1、With Cuda support :

1.1 首先,确保 Cuda 被正确安装了

  • nvcc --version 应该打印有关Cuda编译器驱动程序的信息。
  • nvidia-smi --query-gpu=compute_cap --format=csv 应该打印您的GPU计算能力,例如:

bash 复制代码
compute_cap
8.9

您还可以使用 CUDA_COMPUTE_CAP=<compute cap> 环境变量为特定的计算编译 Cuda内核。

如果以上任何命令出错,请确保更新您的Cuda版本。


1.2 创建一个新的app,添加 candle-core 来增加 Cuda 支持。

从创建一个新的 cargo 开始 :

bash 复制代码
cargo new myapp
cd myapp

Make sure to add the candle-core crate with the cuda feature:

确保添加具有cuda功能的 candle-core 被创建:

shell 复制代码
cargo add --git https://github.com/huggingface/candle.git candle-core --features "cuda"

运行 cargo build 来保证所有被正确编译

shell 复制代码
cargo build

2、Without Cuda support :

创建一个新的 app,并添加 candle-core 如下:

shell 复制代码
cargo new myapp
cd myapp
cargo add --git https://github.com/huggingface/candle.git candle-core

最后,运行 cargo build 来保证所有被正确编译

shell 复制代码
cargo build

3、With mkl support

You can also see the mkl feature which could be interesting to get faster inference on CPU. Using mkl


二、基本使用 Hello world!

转载自:Hello world!

1、处理 MNIST 数据集

We will now create the hello world of the ML world, building a model capable of solving MNIST dataset.

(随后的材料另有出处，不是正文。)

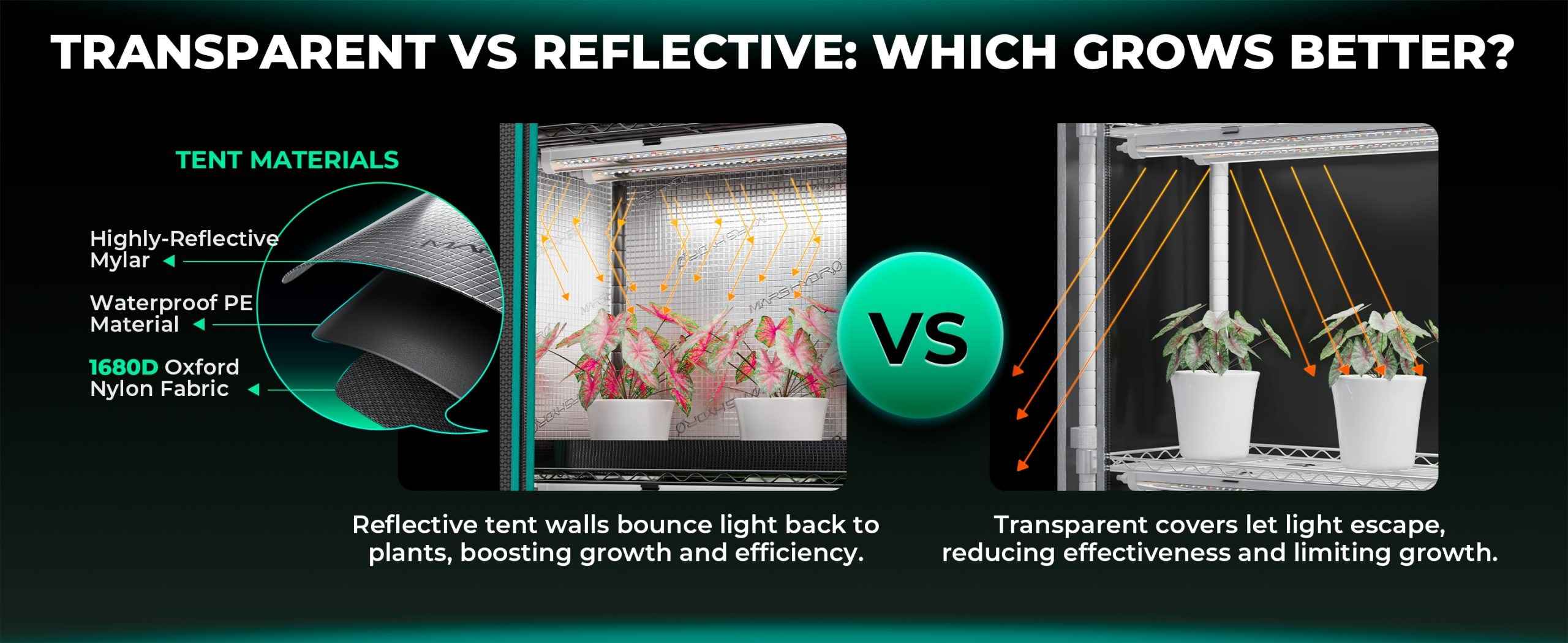 - All-in-One Controlled Environment: Kovový rám a uzavřený stan udržují stabilní vlhkost a teplotu, zatímco full-spectrum LED světla simulují přirozené sluneční světlo, což eliminuje vliv počasí a ročních období.

Open src/main.rs and fill in this content:

rust 复制代码
use candle_core::{Device, Result, Tensor};

struct Model {
    first: Tensor,
    second: Tensor,
}

impl Model {
    fn forward(&self, image: &Tensor) -> Result<Tensor> {
        let x = image.matmul(&self.first)?;
        let x = x.relu()?;
        x.matmul(&self.second)
    }
}

fn main() -> Result<()> {
    // Use Device::new_cuda(0)?; to use the GPU.
    let device = Device::Cpu;

    let first = Tensor::randn(0f32, 1.0, (784, 100), &device)?;
    let second = Tensor::randn(0f32, 1.0, (100, 10), &device)?;
    let model = Model { first, second };

    let dummy_image = Tensor::randn(0f32, 1.0, (1, 784), &device)?;

    let digit = model.forward(&dummy_image)?;
    println!("Digit {digit:?} digit");
    Ok(())
}

Everything should now run with:

bash 复制代码
cargo run --release

2、使用一个 Linear

Now that we have this, we might want to complexify things a bit, for instance by adding bias and creating the classical Linear layer. We can do as such

rust 复制代码
struct Linear{
    weight: Tensor,
    bias: Tensor,
}
impl Linear{
    fn forward(&self, x: &Tensor) -> Result<Tensor> {
        let x = x.matmul(&self.weight)?;
        x.broadcast_add(&self.bias)
    }
}

struct Model {
    first: Linear,
    second: Linear,
}

impl Model {
    fn forward(&self, image: &Tensor) -> Result<Tensor> {
        let x = self.first.forward(image)?;
        let x = x.relu()?;
        self.second.forward(&x)
    }
}

This will change the model running code into a new function

rust 复制代码
fn main() -> Result<()> {
    // Use Device::new_cuda(0)?; to use the GPU.
    // Use Device::Cpu; to use the CPU.
    let device = Device::cuda_if_available(0)?;

    // Creating a dummy model
    let weight = Tensor::randn(0f32, 1.0, (784, 100), &device)?;
    let bias = Tensor::randn(0f32, 1.0, (100, ), &device)?;
    let first = Linear{weight, bias};
    let weight = Tensor::randn(0f32, 1.0, (100, 10), &device)?;
    let bias = Tensor::randn(0f32, 1.0, (10, ), &device)?;
    let second = Linear{weight, bias};
    let model = Model { first, second };

    let dummy_image = Tensor::randn(0f32, 1.0, (1, 784), &device)?;

    // Inference on the model
    let digit = model.forward(&dummy_image)?;
    println!("Digit {digit:?} digit");
    Ok(())
}

Now it works, it is a great way to create your own layers. But most of the classical layers are already implemented in candle-nn.


3、使用 candle_nn

For instance Linear is already there. This Linear is coded with PyTorch layout in mind, to reuse better existing models out there, so it uses the transpose of the weights and not the weights directly.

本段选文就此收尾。